Individuals with USH2 are born with moderate to severe hearing impairment and normal balance. Although the severity of hearing impairment varies, most of these children perform well in regular classrooms and can benefit from hearing aids. These children most commonly use speech to communicate. The visual problems in USH2 tend to progress more slowly than the visual problems in USH1. USH2 is characterized by blind spots that begin to appear shortly after the teenage years. When an individual's vision deteriorates to blindness, his or her ability to speechread is lost.


Children born with USH3 have normal hearing and normal to near-normal balance. Hearing worsens over time. However, the rate at which hearing and sight are lost can vary between affected individuals, even within the same family. Children develop noticeable hearing problems by their teenage years and usually become deaf by mid- to late adulthood. Night blindness usually begins sometime during puberty. Blind spots appear by the late teenage years to early adulthood. By mid-adulthood, the individual is usually blind.



Hearing loss and retinitis pigmentosa are rarely found in combination. Therefore, most people who have retinitis pigmentosa and hearing loss probably have Usher syndrome. Special tests such as electronystagmography (ENG) to detect balance problems and electroretinography (ERG) to detect retinitis pigmentosa help doctors to detect Usher syndrome early. Early diagnosis is important in order to begin special educational training programs to help the individual manage the combined hearing and vision difficulties.



Presently, there is no cure for Usher syndrome. The best treatment involves early identification in order to begin educational programs. The exact nature of these educational programs will depend on the severity of the hearing and vision impairments as well as the age and abilities of the individual.
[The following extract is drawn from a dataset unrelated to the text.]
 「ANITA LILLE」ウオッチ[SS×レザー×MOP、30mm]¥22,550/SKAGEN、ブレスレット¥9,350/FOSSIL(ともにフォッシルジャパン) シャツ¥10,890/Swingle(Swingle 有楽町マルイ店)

Typically, individuals will benefit from adjustment and career counseling; access to technology such as hearing aids, assistive listening devices, or cochlear implants; orientation and mobility training; and communication services and independent-living training that may include braille instruction, low-vision services, or auditory training.



Researchers are currently trying to locate the genes that cause the syndrome and identify the function of those genes. This research will lead to improved genetic counseling and early diagnosis, and may eventually expand treatment options.
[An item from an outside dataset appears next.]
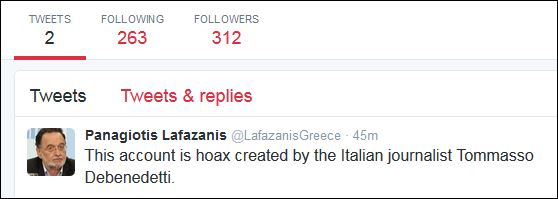 Το μυστήριο σχετικά με τον πλαστό λογαριασμό του Παναγιώτη Λαφαζάνη στο twitter λύθηκε γρήγορα. Δημιουργός του είναι ο Ιταλός δημοσιογράφος Tommaso De Benedetti, o οποίος είναι γνωστός για τις φάρσες που κάνει.

Scientists are also developing mice that have the same characteristics as humans who have the various types of Usher syndrome. Mouse models will make it easier to determine the function of the various genes involved in Usher syndrome. Research is also being conducted to improve the early identification of children with the syndrome. Treatment strategies such as the use of cochlear implants for hearing impairment and intervention strategies to alleviate retinitis pigmentosa are also being examined.


Currently, 12 loci have been found to cause Usher syndrome. A locus is a small segment of chromosome on which one or more genes are housed. For seven of the 12 loci, genes and the proteins that they encode have been identified. The genes that cause Usher syndrome are MY07A, USH1C, CDH23, PCDH15, and SANS, which cause USH1; USH2A, which causes USH2; and USH3A, which causes USH3. The resulting proteins that the genes encode help cells in the retina, the part of the eye that receives images of objects, and the cochlea to function.
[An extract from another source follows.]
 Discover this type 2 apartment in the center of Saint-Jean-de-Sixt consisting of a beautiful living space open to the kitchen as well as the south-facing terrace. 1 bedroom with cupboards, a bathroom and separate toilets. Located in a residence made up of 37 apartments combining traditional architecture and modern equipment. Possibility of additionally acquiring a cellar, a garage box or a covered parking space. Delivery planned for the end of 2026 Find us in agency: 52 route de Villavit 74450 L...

In April 2003, NIDCD researchers, along with their research collaborators from universities in New York, NY, and Tel Aviv, Israel, pinpointed a mutation, named R245X, of the PCDH15 gene that accounts for a large percentage of USH1 cases in today's Ashkenazi Jewish population. (The term Ashkenazi describes Jewish people who originate from eastern Europe.) Because of this finding, researchers conclude that Ashkenazi Jewish infants with bilateral, profound hearing loss who lack another known mutation that causes hearing loss should be screened for the R245X mutation. If a child's USH1 is discovered early on, before she loses the ability to see, then that child is more likely to benefit from the full spectrum of intervention strategies that are available to help her communicate and participate in life's activities.